A good text editor should be useful for all kinds of work a programmer might do, and that includes opening files that may sometimes be several gigabytes in size. Therefore I would not recommend a mind set where everything is to be buffered in RAM.
I would recommend setting up a search tree of slices representing the file, where a single slice may be:
- A reference to a range of bytes in the actual file on disk, or
- A reference to an edited "page".
When you open a file you start by inserting a single item into the tree, which is simply a range representing the whole file, e.g. for a 10-MiB file:
std::map<size_t, slice_info> slices;
slices[0].size = 10*1024*1024;
When the user edits the file, create a "page" which is some reasonable size, say 4 KiB, around the edit point. The tree is spliced at that point. In the example, the edit point is at 5 MiB:
size_t const PAGE_SIZE = 4*1024;
slices[0].size = 5*1024*1024;
slices[5*1024*1024].size = PAGE_SIZE;
slices[5*1024*1024].buffer = create_buffer(file, 5*1024*1024, PAGE_SIZE);
slices[5*1024*1024 + PAGE_SIZE].size = 5*1024*1024 - PAGE_SIZE
You can use memory-mapped files both for the read-only buffer (the source file) and for the copied editable buffers (the latter would be placed in a temp directory). This also allows recovery should the editor crash.
Using fixed-size pages will reduce fragmentation of the memory heap a lot since all blocks have the same size, and inserting text will never require moving more than 4 KiB of data ahead of you.
This is a simplified description to give the general idea without getting into too many gritty details. A real implementation would most likely need to be more sophisticated, e.g. allow for a variable amount of data in a page to cope with pages that overflow, and merge together many small slices so that running a regex substitution across a large file does not create too many small buffers. There probably needs to be a limit for the number of slices you should have in the tree simultaneously, but a key point is that when you start inserting somewhere you should make sure that you are working with a slice that isn't too big.

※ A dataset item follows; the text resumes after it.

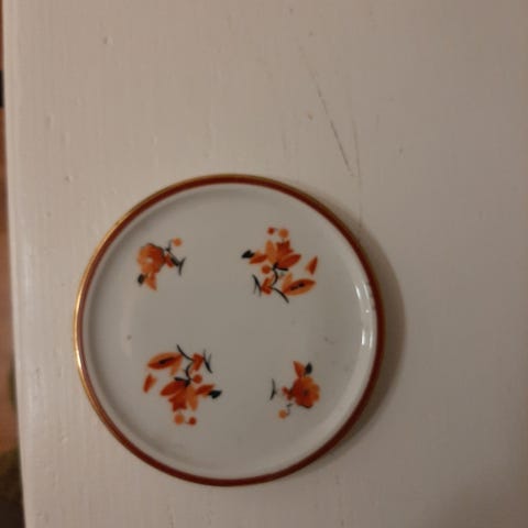 Hyväkuntoinen teekupin (?) aluslautanen, ei juurikaan käytönjälkeä. Tarjolla 1kpl. Halkaisija 16cm, kupin syvennys 5,5cm.

For regex, I don't think the performance is much of a problem as long as the whole editor doesn't hang while running it. Try Boost.Regex, it will most likely be fast enough for your needs, and it is also generic enough to plug in any buffering strategy you need.
The same applies to syntax highlighting, if you run it in the background it won't disturb the user so much while he is typing. You can use the slice approach to your benefit here:
- Each slice can have a mutex that can be locked during an editing operation, allowing syntax highlighting or "intellisense" type analysis to run in a background thread.
- You can store the state of the syntax highlighting engine so that whenever you make edits in a slice you can restart the syntax highlighting from the beginning of that slice, rather than from the beginning of the file.
I am not aware of any freestanding syntax highlighting engines, but they are usually based on regex substitution (see e.g. the syntax highlighting files in vim).